- ASSIGNED TASK:
Transcribe the whole listing without a single picture.

- THE DATA:
================

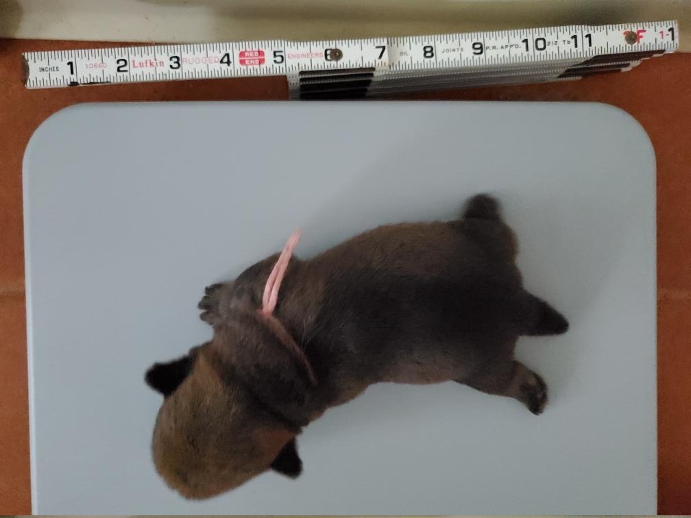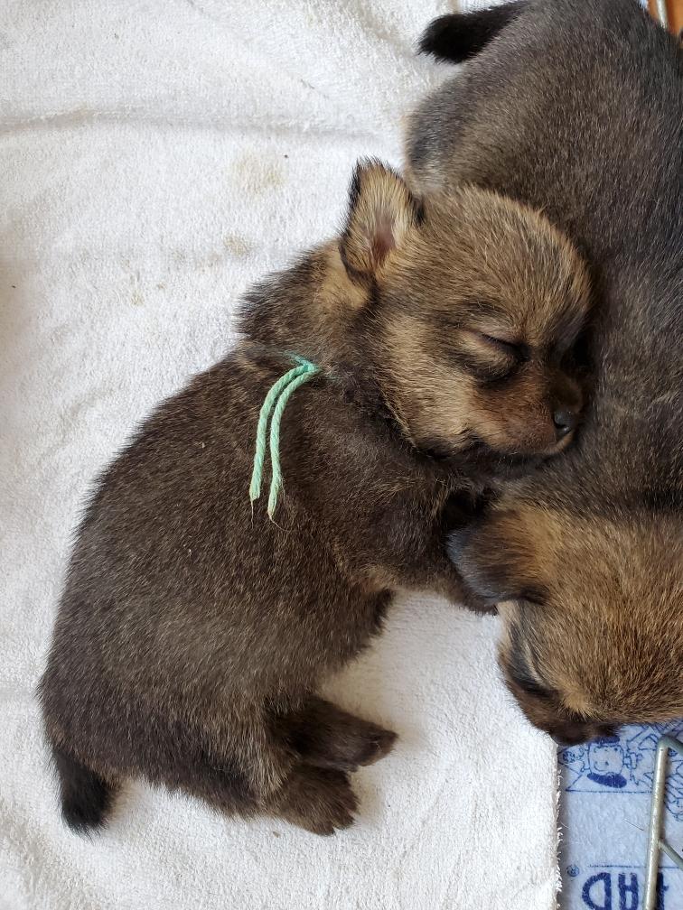A fan of puppies. One can clearly see that Green (on the far left) is smaller than her siblings. Pink joined the 400 gram club today, leaving Green as the sole remaining member of the 300 gram club. Green is now approximately 50 grams lighter than Pink. As long as Green continues to gain weight, I am not too concerned but I am watching Green's weight closely. Green's left eye seems all normal today, although I will continue to apply the antibiotic ointment for several more days.
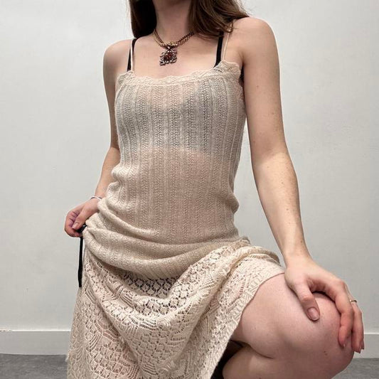 Cream knit mohair pointelle dress
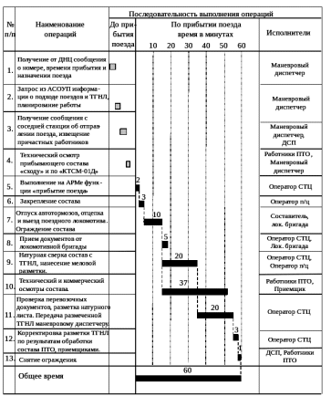 Рисунок 6.1. Технологический график обработки грузового поезда, прибывшего в расформирование
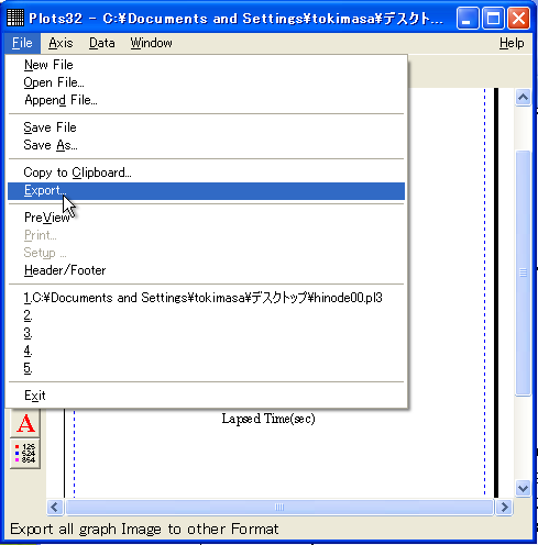 作ったグラフを画像に残すには、メニューの「File」->「Export」をクリックします。 OutputFileにファイル名を記入して「OK」ボタンをクリックすると、グラフが画像として保存されます。保存した画像はビューアなどで見ることができます。 「File」->「CopytoClipboard」にてコピーすると、ペイントなどでペーストすることでも画像保存可能です。
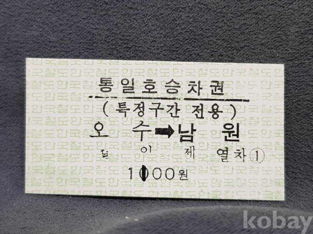- 미사용 통일호 승차권(특정구간전용) " 오수 ▶ 남원 " 1100원
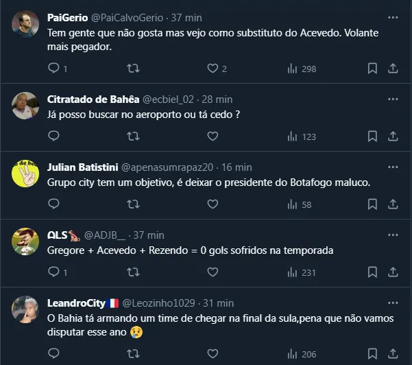 É interessante deixar claro que, além do trio de reforços já mencionado, o Bahia de Rogério Ceni também deve manter seus grandes destaques de 2023 no elenco, como Thaciano, Biel e Cauly.
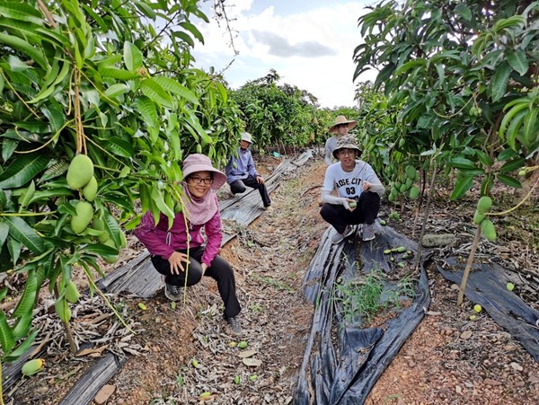广西右江芒果科技小院师生在果园调查芒果新栽培模式下结果数。sunbet申搏官方网站供图
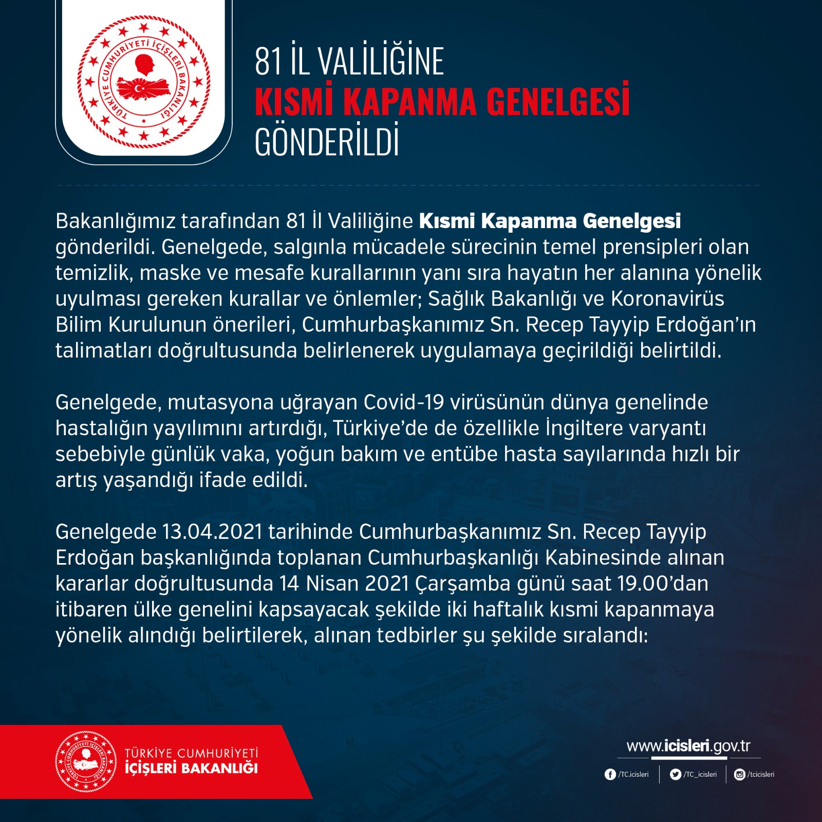 2 Gun Sokaga Cikma Yasagi from www.icisleri.gov.tr Genelge ile yeni koronavirüs tedbirleri için belirlenen tüm detaylar paylaşılmış oldu. Acil yardım malzemelerinin afad lojistik depolarından sevkiyatı. Genelge, ancak kendisinden önce gelen tüzük ve yönetmelikte yer alan hükümlerin nasıl uygulanacağını gösterebilen bir açıklama türüdür, kendisi bir hüküm koyamaz. 1 haziran i̇çişleri bakanlığı genelgesi birkaç dakika önce yayınlandı. 680 sayılı k.h.k_nın uygulanması hakkında genelge. .konu genelge ekinde yer alan ve işveren ile çalışanın beyanı/taahhüdüyle manuel doldurularak imza altına alınan çalışma izni görev belgesi formu da denetimlerde ibraz edilebilecektir. Genelge ya da tamim yönetmeliklerin uygulanmasında yol göstermek amacıyla ilgililere gönderilen yazıdır. Birçok internet kullanıcısı koronavirüs salgını nedeniyle i̇çişleri bakanlığı'nın gönderdiği genelge sonrası genelge ile ilgili internette arama yapmaya başladı.
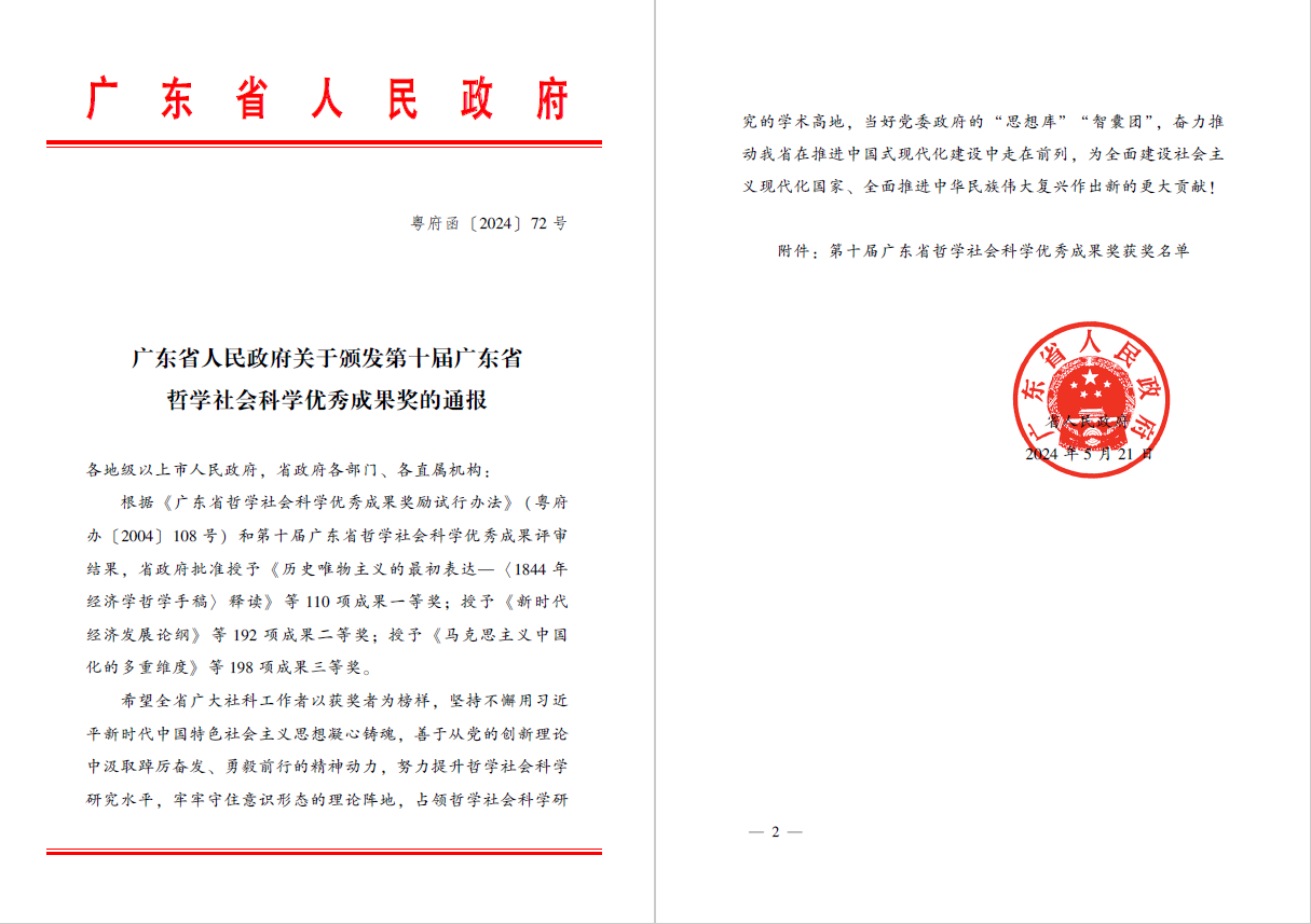 2024年5月21日,广东省人民政府正式公布《广东省人民政府关于颁发第十届广东省哲学社会科学优秀成果奖的通报》(粤府函[2024]72号文件)。来自通报名单显示,db真人体育官网2项科研成果获得奖励。
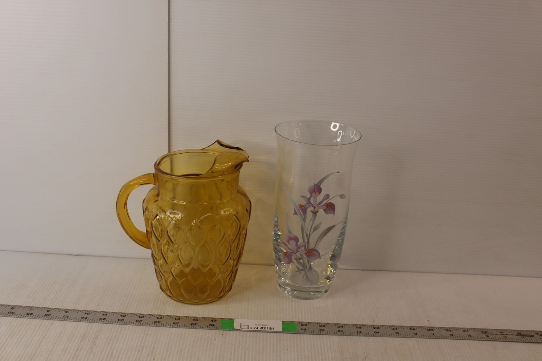 Lily Bohemian Crystal Vase & Amber Glass Pitcher Up to 10" Tall
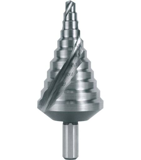 Informations techniques Taille n° : 17 Nombre d'étages : 11 Angle de pointe : 118 ° Angle de pas : 90° Informations techniques Diamètre de tige : 10 mm Données techniques complémentaires : Taille n° : 17 Nombre d'étages : 11 Angle de pointe : 118 ° Angle de pas : 90° Longueur totale : 96 mm Mandrin porte-outil (perceuse) : tige à 3 surfaces Matériau (perceuse) : HSS Plage de Ø de perçage : 6.5 - 40.5 mm Foret étagé HSS, spiralé avec raccord en croix pour presse-étoupes métriques La rainure de serrage en forme de spirale et de profondeur offre un fonctionnement silencieux et une puissance de coupe élevée. En particulier, les copeaux qui ne cassent pas sont évacués proprement comme dans le cas d'un foret hélicoïdal. Cela réduit la formation de sections de caisse et de soudures à froid sur les lames de coupe. Le cône facilite le retrait en cas de tôles forées. Ce texte a été traduit par une machine. Points forts 6,5 / 8,5 / 10,5 / 12,5 / 16,5 / 20,5 / 25,5 / 29,0 / 32,5 / 36,5 / 40,5 mm ...
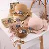 Chapéu de Sol Infantil Conjunto de Chapéu de Palha de Verão Novo para Menina Bolsa Proteção Solar para Viagem Chapéu de Sol de Aba Larga Chapéu de Bebê Princesa

================

- ANSWER FOR THE TASK:
A fan of puppies. One can clearly see that Green (on the far left) is smaller than her siblings. Pink joined the 400 gram club today, leaving Green as the sole remaining member of the 300 gram club. Green is now approximately 50 grams lighter than Pink. As long as Green continues to gain weight, I am not too concerned but I am watching Green's weight closely. Green's left eye seems all normal today, although I will continue to apply the antibiotic ointment for several more days.
 Cream knit mohair pointelle dress
 Рисунок 6.1. Технологический график обработки грузового поезда, прибывшего в расформирование
 作ったグラフを画像に残すには、メニューの「File」->「Export」をクリックします。 OutputFileにファイル名を記入して「OK」ボタンをクリックすると、グラフが画像として保存されます。保存した画像はビューアなどで見ることができます。 「File」->「CopytoClipboard」にてコピーすると、ペイントなどでペーストすることでも画像保存可能です。
- 미사용 통일호 승차권(특정구간전용) " 오수 ▶ 남원 " 1100원
 É interessante deixar claro que, além do trio de reforços já mencionado, o Bahia de Rogério Ceni também deve manter seus grandes destaques de 2023 no elenco, como Thaciano, Biel e Cauly.
广西右江芒果科技小院师生在果园调查芒果新栽培模式下结果数。sunbet申搏官方网站供图
 2 Gun Sokaga Cikma Yasagi from www.icisleri.gov.tr Genelge ile yeni koronavirüs tedbirleri için belirlenen tüm detaylar paylaşılmış oldu. Acil yardım malzemelerinin afad lojistik depolarından sevkiyatı. Genelge, ancak kendisinden önce gelen tüzük ve yönetmelikte yer alan hükümlerin nasıl uygulanacağını gösterebilen bir açıklama türüdür, kendisi bir hüküm koyamaz. 1 haziran i̇çişleri bakanlığı genelgesi birkaç dakika önce yayınlandı. 680 sayılı k.h.k_nın uygulanması hakkında genelge. .konu genelge ekinde yer alan ve işveren ile çalışanın beyanı/taahhüdüyle manuel doldurularak imza altına alınan çalışma izni görev belgesi formu da denetimlerde ibraz edilebilecektir. Genelge ya da tamim yönetmeliklerin uygulanmasında yol göstermek amacıyla ilgililere gönderilen yazıdır. Birçok internet kullanıcısı koronavirüs salgını nedeniyle i̇çişleri bakanlığı'nın gönderdiği genelge sonrası genelge ile ilgili internette arama yapmaya başladı.
 2024年5月21日,广东省人民政府正式公布《广东省人民政府关于颁发第十届广东省哲学社会科学优秀成果奖的通报》(粤府函[2024]72号文件)。来自通报名单显示,db真人体育官网2项科研成果获得奖励。
 Lily Bohemian Crystal Vase & Amber Glass Pitcher Up to 10" Tall
 Informations techniques Taille n° : 17 Nombre d'étages : 11 Angle de pointe : 118 ° Angle de pas : 90° Informations techniques Diamètre de tige : 10 mm Données techniques complémentaires : Taille n° : 17 Nombre d'étages : 11 Angle de pointe : 118 ° Angle de pas : 90° Longueur totale : 96 mm Mandrin porte-outil (perceuse) : tige à 3 surfaces Matériau (perceuse) : HSS Plage de Ø de perçage : 6.5 - 40.5 mm Foret étagé HSS, spiralé avec raccord en croix pour presse-étoupes métriques La rainure de serrage en forme de spirale et de profondeur offre un fonctionnement silencieux et une puissance de coupe élevée. En particulier, les copeaux qui ne cassent pas sont évacués proprement comme dans le cas d'un foret hélicoïdal. Cela réduit la formation de sections de caisse et de soudures à froid sur les lames de coupe. Le cône facilite le retrait en cas de tôles forées. Ce texte a été traduit par une machine. Points forts 6,5 / 8,5 / 10,5 / 12,5 / 16,5 / 20,5 / 25,5 / 29,0 / 32,5 / 36,5 / 40,5 mm ...
 Chapéu de Sol Infantil Conjunto de Chapéu de Palha de Verão Novo para Menina Bolsa Proteção Solar para Viagem Chapéu de Sol de Aba Larga Chapéu de Bebê Princesa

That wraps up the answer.